An equally enduring legacy of Mr.
Jinnah is the problem of Jammu & Kashmir. We normally blame Pt. Jawaharlal
Nehru for being bamboozled by Lord Mountbatten and taking the issue to
the UN when the Indian Army was on the verge of reclaiming all territory.
This is true. But the architect of this crisis was Mr. Jinnah who, disregarding
his quest for a secular country as enunciated to the Constituent Assembly,
was determined to wrestle this Muslim-majority region from 'Hindu' India.
This is the genesis of the Kashmir
problem, and the Pakistani perspective on the state remains unchanged to
this day. For Pakistan a solution acceptable to the people of J&K means
that the Muslim majority must be allowed to bring the region into Pakistan.
The Indian position, as articulated by Parliament and recently by K.S.
Sudarshanji in his famous Walk the Talk interview, is that J&K is an
irrevocable part of India and only the return of Pak-Occupied Kashmir remains
on the agenda.
It bears mentioning that the Hurriyat
delegation arrived in Pakistan while the BJP leader was there, and Gen.
Musharraf scored a propaganda point by saying that their arrival without
Indian passports proved that Kashmir was disputed territory. Unfortunately,
the former Deputy Prime Minister did not demur. It is now imperative that
the BJP clarify if the party stands by Sudarshanji's views or accepts Mr.
Advani's statement that a solution must be acceptable to all communities
- Muslims, Hindus, Buddhists and migrant Kashmiri Pandits. This is urgent
as there is some confusion whether talk about the unalterable reality of
history and two separate sovereign nations implies that India is ready
to give up PoK.
Actually, the trip was ill-fated
because neither the BJP nor RSS leadership was taken into confidence regarding
the proposed visit to Jinnah's mausoleum. The inauguration of the restoration
of the historic Katasraj temple turned out to be a trap by the savvy Pakistanis
to moot the idea that Gen. Musharraf be invited to inaugurate a mosque
in India.

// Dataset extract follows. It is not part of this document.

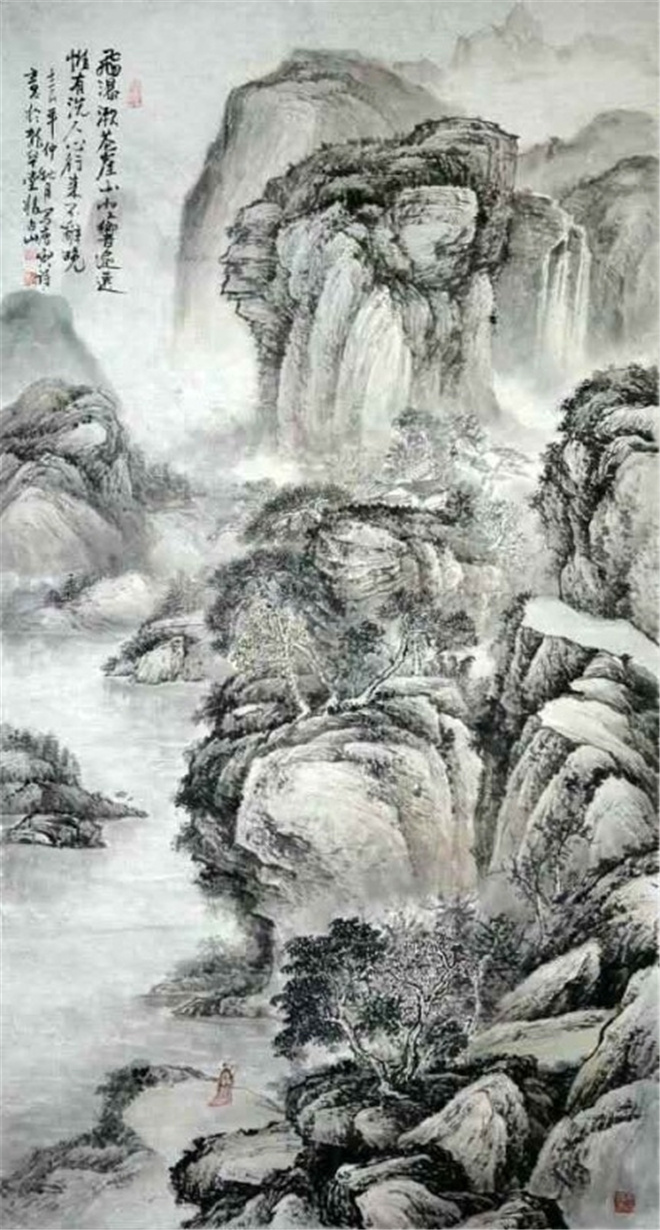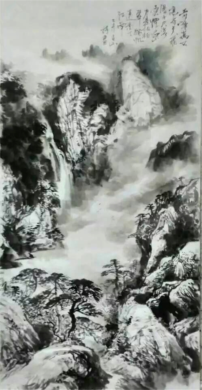 楊占山的繪畫作品以雄渾滄桑的山河畫卷為素材,用厚重的筆墨,寫盡我國(guó)大好河山的崢嶸與靈秀,在煙雨蒙蒙、斜陽(yáng)夕照中,用粗獷的筆墨、展現(xiàn)大山渾厚和滄勁;給人以穿越心靈的震撼和油然而發(fā)的豪情。作品縱橫奔放,墨氣淋漓,剛勁多變而趣味盎然,深得寫意畫之精髓。筆墨在他眼中猶如龍歸大海一般,更像是積蓄已久的火山,精氣神全部灌注在筆下,流露在墨中,傾泄在宣紙之上,創(chuàng)作出一幅幅展現(xiàn)祖國(guó)大好河山的錦繡畫卷。畫家楊占山的山水畫作品,線條縱橫老辣,蒼勁有力,墨韻淋漓盡致。畫面上山巒起伏,林木茂盛,地勢(shì)險(xiǎn)峻,霧靄彌漫。溪谷間瀑布如練,流水湍急,翻滾的波濤從山谷深處奔涌而來,傾瀉而下,形成幽深的潭水。水面上舟楫飄蕩,更使畫面充滿了生機(jī)。

They meant, of course, the Babri non-mosque, an issue on which
the BJP leader was already disarmed, having called its removal the saddest
day of his life.
Pakistan thus got away with the
claim to be the leader of the Muslims of the sub-continent, while Hindus
were rendered leaderless. In the past, the Congress party strenuously resisted
this contention, but there has been a subtle change after the ascent of
Ms. Sonia Gandhi, as witnessed in her failure to resist a Jamiat-e-Ulema-e-Hind
demand for communal reservations in Parliament.